Your assignment: Find the line containing "Aveeno Baby Sensitive" in the listing below. Repeat it exactly, along with each following line up to and including the one containing "人事データは、労務管理や人事".

Supplied material:
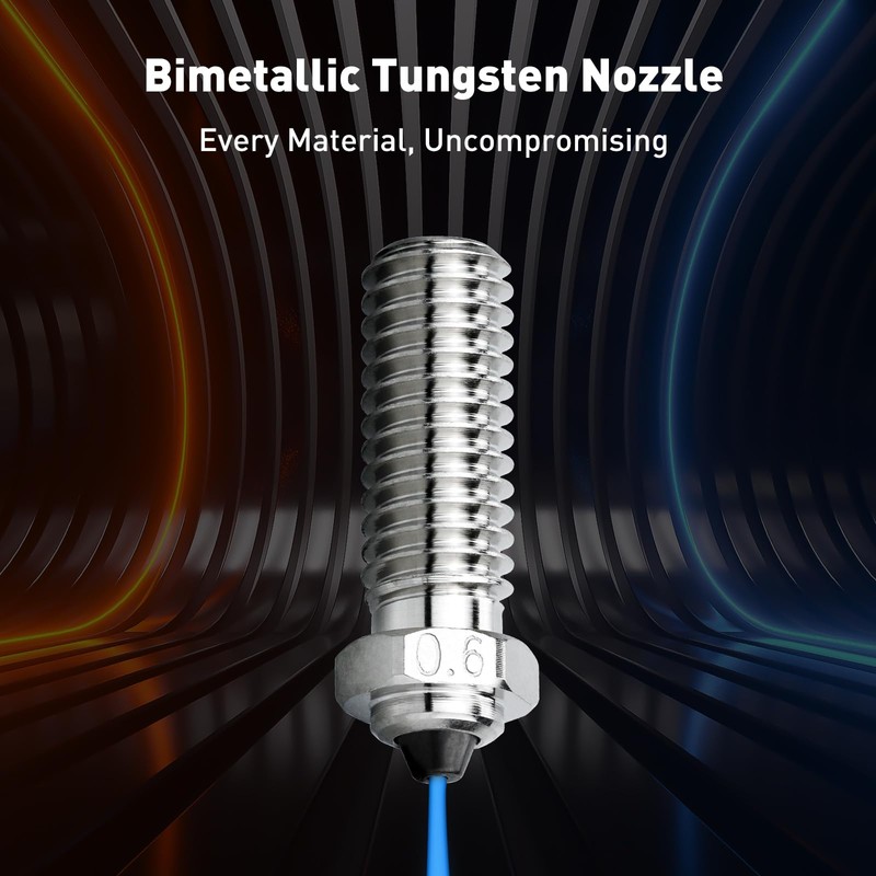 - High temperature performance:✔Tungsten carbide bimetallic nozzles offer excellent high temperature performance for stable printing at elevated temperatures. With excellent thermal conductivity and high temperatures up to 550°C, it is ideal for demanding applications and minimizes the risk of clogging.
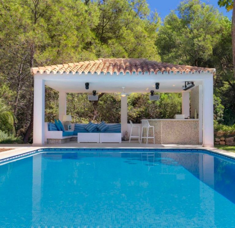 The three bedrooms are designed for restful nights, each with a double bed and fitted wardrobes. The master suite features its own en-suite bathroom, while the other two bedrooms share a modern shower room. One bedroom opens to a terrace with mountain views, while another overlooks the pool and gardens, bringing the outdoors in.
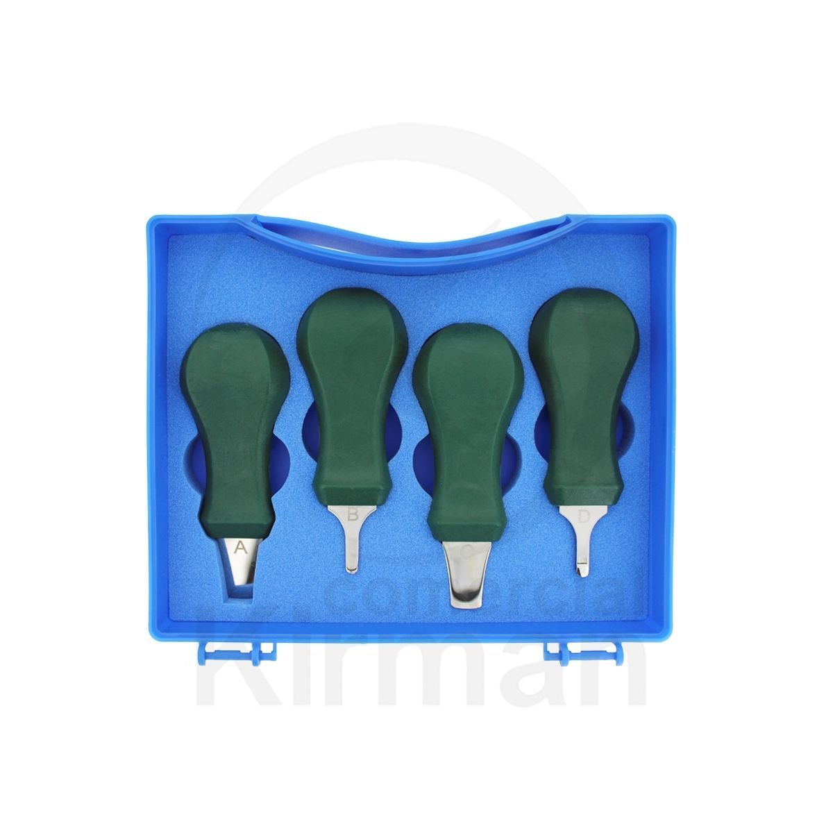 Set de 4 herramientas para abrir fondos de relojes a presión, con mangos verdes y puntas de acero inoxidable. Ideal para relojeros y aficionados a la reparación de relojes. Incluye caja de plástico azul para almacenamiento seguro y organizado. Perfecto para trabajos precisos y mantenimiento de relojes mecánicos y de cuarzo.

* * *

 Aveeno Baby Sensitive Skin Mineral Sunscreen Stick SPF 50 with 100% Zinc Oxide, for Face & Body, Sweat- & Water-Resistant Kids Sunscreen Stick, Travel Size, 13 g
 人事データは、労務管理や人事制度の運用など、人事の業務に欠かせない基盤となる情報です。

Exercise solution:
 Aveeno Baby Sensitive Skin Mineral Sunscreen Stick SPF 50 with 100% Zinc Oxide, for Face & Body, Sweat- & Water-Resistant Kids Sunscreen Stick, Travel Size, 13 g
 人事データは、労務管理や人事制度の運用など、人事の業務に欠かせない基盤となる情報です。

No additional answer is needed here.